While the anti-clogging agent is not particularly limited, examples thereof include super absorbent polymers as defined in JIS K 7223 (1996) and JIS K 7224 (1996) such as poly(meth)acrylic acid, poly(meth)acrylate, poly(meth)acrylic acid ester, poly(meth)acrylamide, polyalkyleneimine, polyoxyalkylene, polymaleic acid, and a copolymer or the like containing any of the monomers constituting these super absorbent polymers.
When coal as a coke raw material has a high moisture content and a bulk density of coke charged into a coke oven can drop, a bulk density-increasing agent is added.
As the bulk density-increasing agent, although not particularly limited, for example, a surfactant can be used—specifically, as the bulk density-increasing agent, an anionic surfactant such as a dialkyl sulfosuccinic acid (with an alkyl group having 8 to 16 carbons) or a salt thereof (for example, a sodium salt, an ammonium salt, a potassium salt, or a triethanolamine salt) or a polyoxyethylene alkyl ether sulfate salt, a nonionic surfactant such as a polyoxyethylene (POE) addition polymer or a salt thereof, and the like can be used.
A location where the anti-clogging agent or the bulk density-increasing agent is added is not particularly limited as long as the addition takes place before reaching the hopper, the silo, the belt conveyor transfer part, or the like and the location may be a pile or in a subsequent process.
In addition, a water shielding agent is added when suppressing absorption of water by a pile installed outdoors.
As the water shielding agent, although not particularly limited, examples thereof include an acrylate-type resin emulsion solution, a methacrylate-type resin emulsion solution, and a vinyl acetate-type resin emulsion solution.
A water shielding agent made of such a resin emulsion solution forms hydrophobic coating on a surface of a pile.
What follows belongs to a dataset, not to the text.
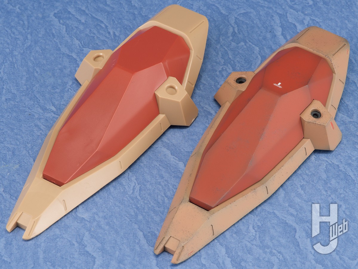 リアスカート裏側の肉抜きはエポパテで埋めているのですが、軽量タイプではなく通常タイプを使用しています。これは軽量タイプだと削れ過ぎて微妙な段差ができてしまうからで、少し重くなってしまいますが通常タイプを使用しています。

However, since a period of one to two days is required from an application of a resin emulsion with respect to the pile to the formation of coating, a water shielding effect cannot be obtained when the water shielding agent is applied immediately preceding precipitation or after the start of precipitation. With the management system according to the present embodiment, for example, since even a moisture content for three days later of a material arranged in a yard can be accurately predicted, such a water shielding agent can be added to an appropriate pile at an appropriate time. Accordingly, an amount of use of the water shielding agent which is expensive and of which application requires time and effort can be reduced.
The addition of these agents may be performed using addition apparatuses of the respective agents (an anti-clogging agent addition apparatus, a bulk density-increasing agent addition apparatus, and a water shielding agent addition apparatus, all not illustrated) or adding units of the respective agents (an anti-clogging agent adding unit, a bulk density-increasing agent adding unit, and a water shielding agent adding unit, all not illustrated). In addition, the agents may be automatically added using these addition apparatuses or adding units or may be manually added by an operator or the like.

[Hardware Configuration of Management System]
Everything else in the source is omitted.